Даояка — младшая жена, она должна выполнять всю домашнюю работу — эту заповедь она запомнила на всю жизнь. Даояка была немногословная, робкая женщина, она боялась своего мужа, боялась всех горластых женщин. В первые дни замужества она боялась и старшей жены мужа. Бодери была тоже молчаливая, сердитая и как-то искоса поглядывала на Даояку, но ни разу не ударила, хотя она, как старшая, могла бы не только ругать, но и бить.
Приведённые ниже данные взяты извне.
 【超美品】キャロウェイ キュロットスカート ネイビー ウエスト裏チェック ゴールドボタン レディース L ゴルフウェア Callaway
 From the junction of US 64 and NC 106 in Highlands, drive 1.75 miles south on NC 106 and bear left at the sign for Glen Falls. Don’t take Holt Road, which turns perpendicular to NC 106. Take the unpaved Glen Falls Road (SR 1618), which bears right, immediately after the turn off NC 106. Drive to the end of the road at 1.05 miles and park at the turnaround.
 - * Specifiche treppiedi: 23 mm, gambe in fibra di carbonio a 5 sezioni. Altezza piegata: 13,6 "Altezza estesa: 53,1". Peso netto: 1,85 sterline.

Так прошел год. У Даояки родилась дочь. Только после рождения дочери она узнала по-настоящему Бодери. Как она сразу привязалась к малютке! Она не давала девочке даже заплакать, тотчас брала ее на руки, спала с ней рядом и, если бы только было у нее молоко в груди, то, пожалуй, не стала бы по ночам будить Даояку.
Нанай не знали, что такое пеленки. Под ребенка они подкладывали мягкие, как вата, и душистые, как цветущий багульник, стружки из ветвей черемухи — саори. Бодери каждый день настругивала белые охапки этих стружек. Даояка вскоре привыкла к Бодери, перестала ее бояться. Они подружились, жили, как живут две родные сестры, без ссор, без домашних склок.
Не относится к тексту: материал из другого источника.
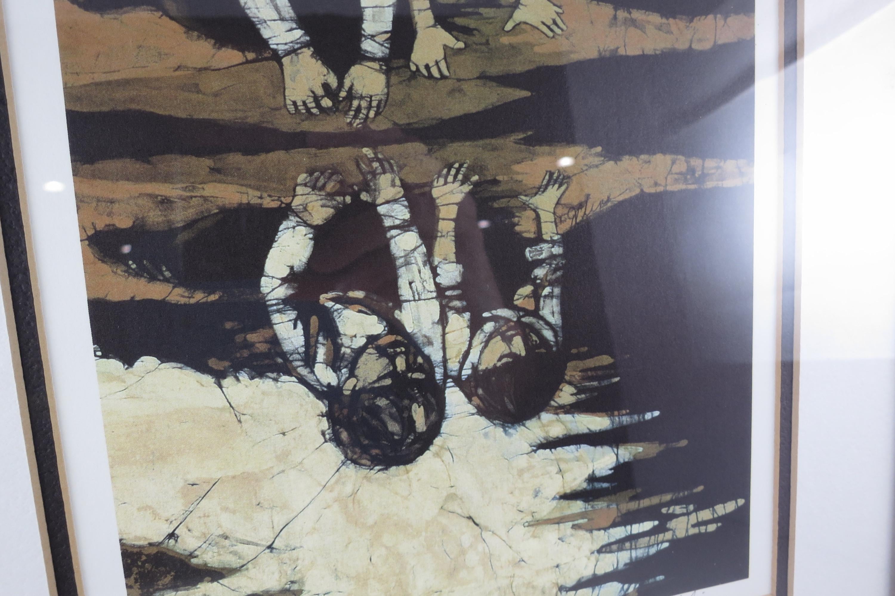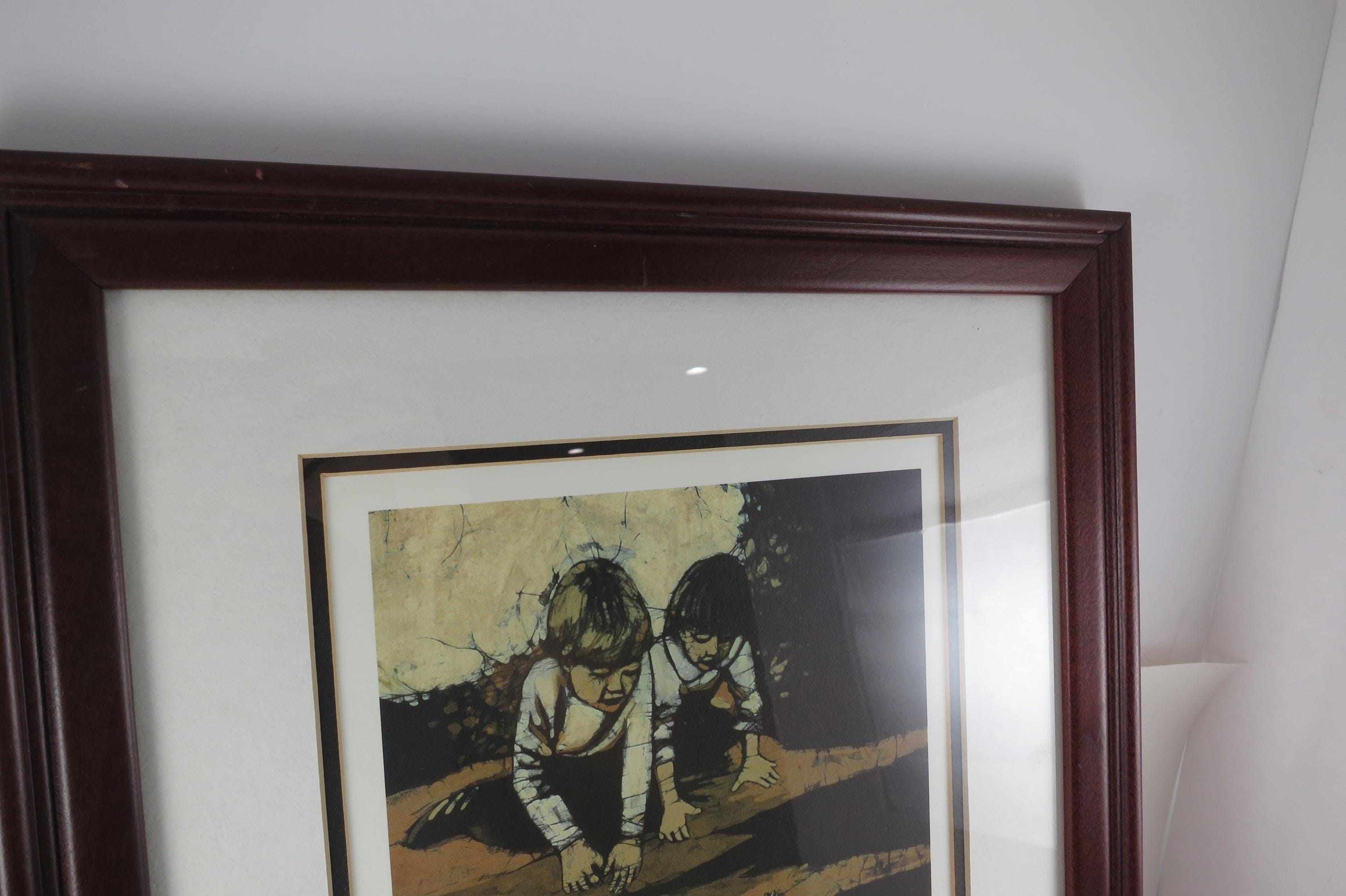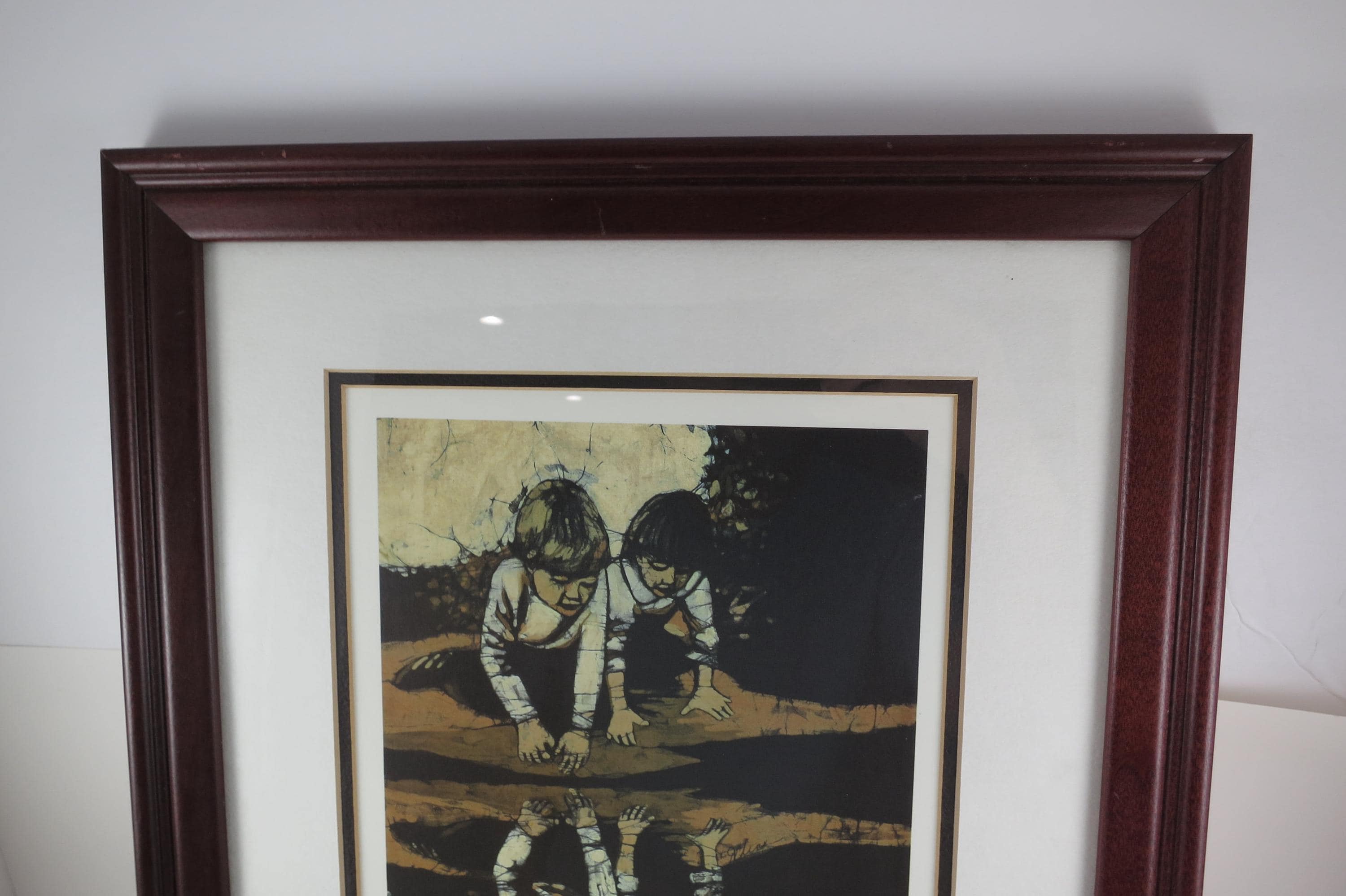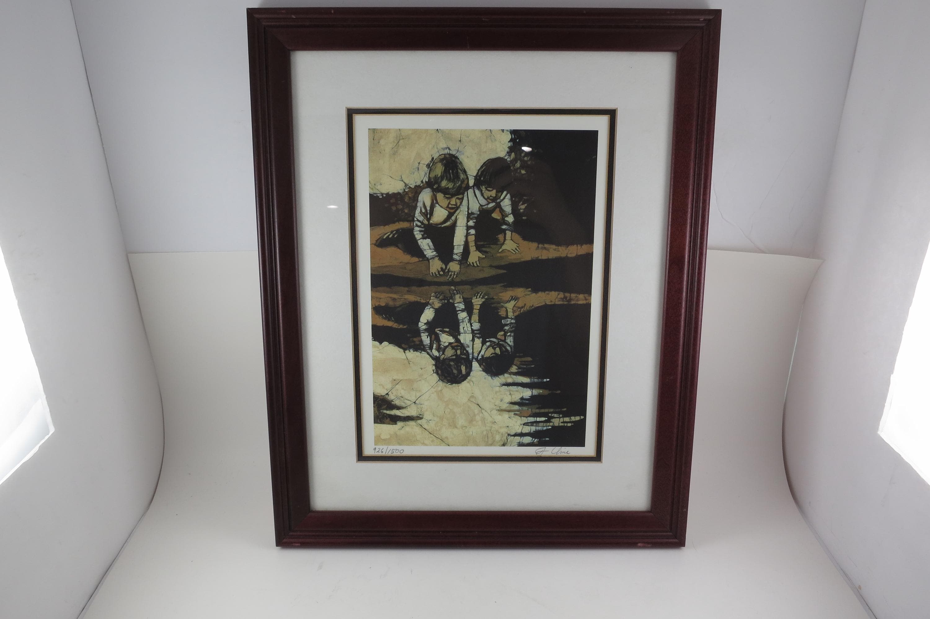 J Cline Batik Signed and Numbered Print Two Children Reflections 926/1500 16x12.

Восемь лет, как они живут вместе. Нилэ подросла, стала уже совсем большая. Она зовет и Бодери, и Даояку мамой, правда, обращаясь к Бодери, она к слову «мама» прибавляет «старшая».
После Нилэ Даояка рожала еще дважды, но дети умерли, прожив совсем немного. Тяжело было Даояке закапывать в землю детей, но еще тяжелее переживала их смерть Бодери. После похорон она подолгу еще ходила плакать над могильными холмиками. За родственное отношение к себе, за любовь к ее детям Даояка полюбила Бодери. Она никогда не звала ее по имени, а обращалась к ней со словом «эгэ» — сестра. Даояка никогда не позволяла ей носить воду, рубить дрова и ездить за дровами. Бодери только варила еду, ухаживала за детьми, штопала их одежонку, шила новые вещи для всей семьи.
Когда Акиану выехал на кетовую путину, Даояка рыбачила вместе с мужем, целыми днями сидела на веслах. Маленький Павлик мирно спал в своей люльке на носу лодки. Бодери и Нилэ находились в хомаране, готовили еду, юколу на зиму. Только в первые утренние заезды Бодери иногда садилась в лодку, но как только попадалось с десяток кетин, она оставалась на стане, чтобы обработать их. Акиану тоже знал о дружбе своих жен, знал, что молодая, сильная Даояка жалеет старшую Бодери. Если жалеет, значит, так ей нравится. Пусть жалеет. А для Акиану все равно; лишь бы тепло было в фанзе, была бы готова еда, когда захочется есть, были целы обувь и одежда. Остальное его не интересует, его дело добывать еду для всей семьи, с чем он пока, кажется, неплохо справляется. Летом он заготовил рыбий жир, а осенью наловил кеты. На зиму хватит еды.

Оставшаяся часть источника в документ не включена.